WHAT THE TASK REQUIRES
Using the material below, repeat exactly the lines from the one with "Квашеную капусту мелко" through the one with "Create Listing - Real", ends included, without any images.

----- RECORDED DATA

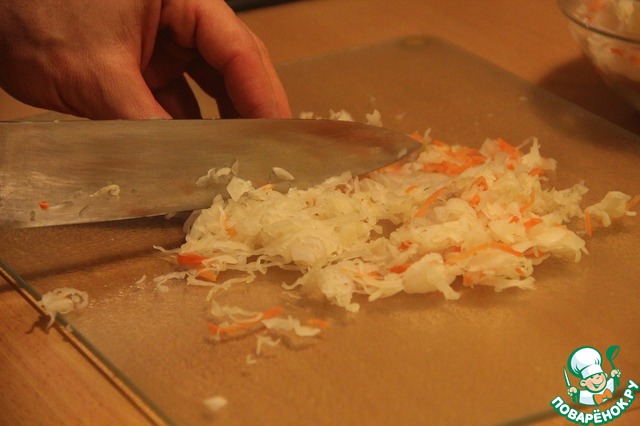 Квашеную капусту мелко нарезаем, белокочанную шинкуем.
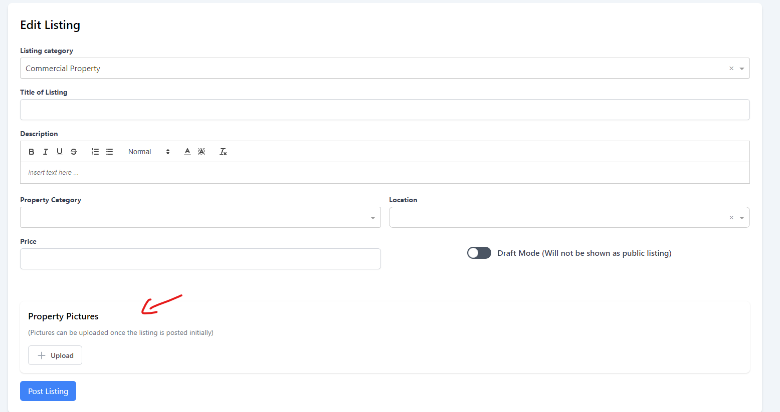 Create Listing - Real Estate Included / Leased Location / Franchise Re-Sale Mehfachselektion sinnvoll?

----------
----- RECORDED DATA

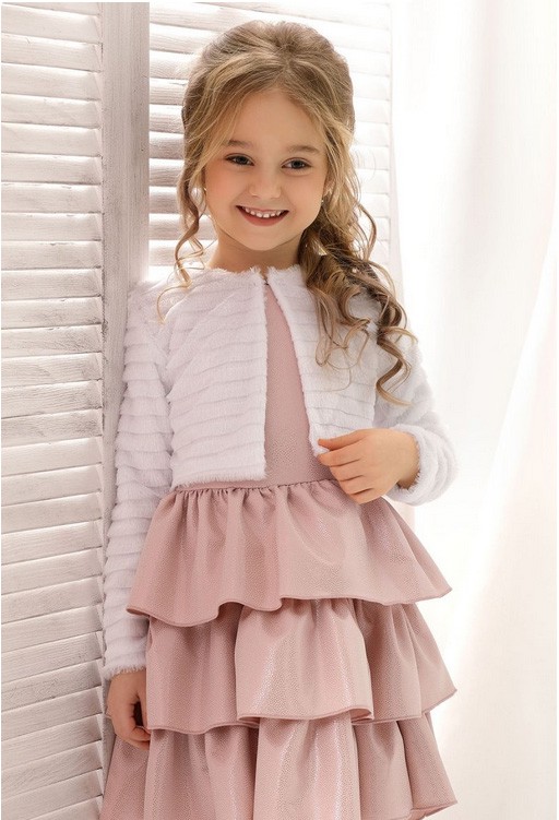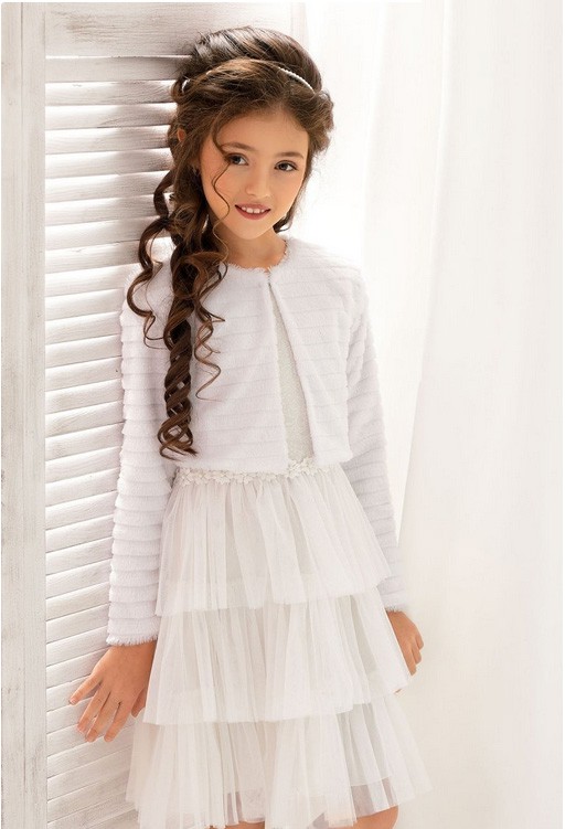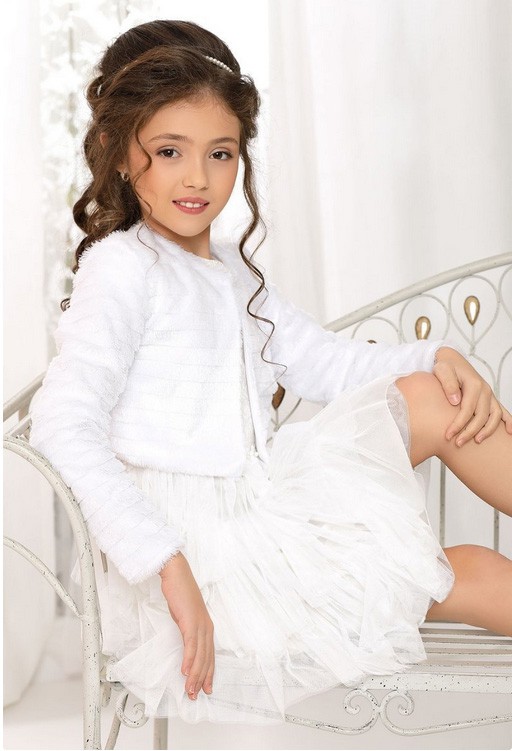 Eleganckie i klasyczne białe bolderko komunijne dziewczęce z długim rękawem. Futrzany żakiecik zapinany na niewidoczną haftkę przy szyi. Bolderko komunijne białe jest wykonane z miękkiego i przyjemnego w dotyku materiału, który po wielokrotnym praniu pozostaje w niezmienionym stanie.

----------

ANSWER TO THIS PROBLEM
 Квашеную капусту мелко нарезаем, белокочанную шинкуем.
 Create Listing - Real Estate Included / Leased Location / Franchise Re-Sale Mehfachselektion sinnvoll?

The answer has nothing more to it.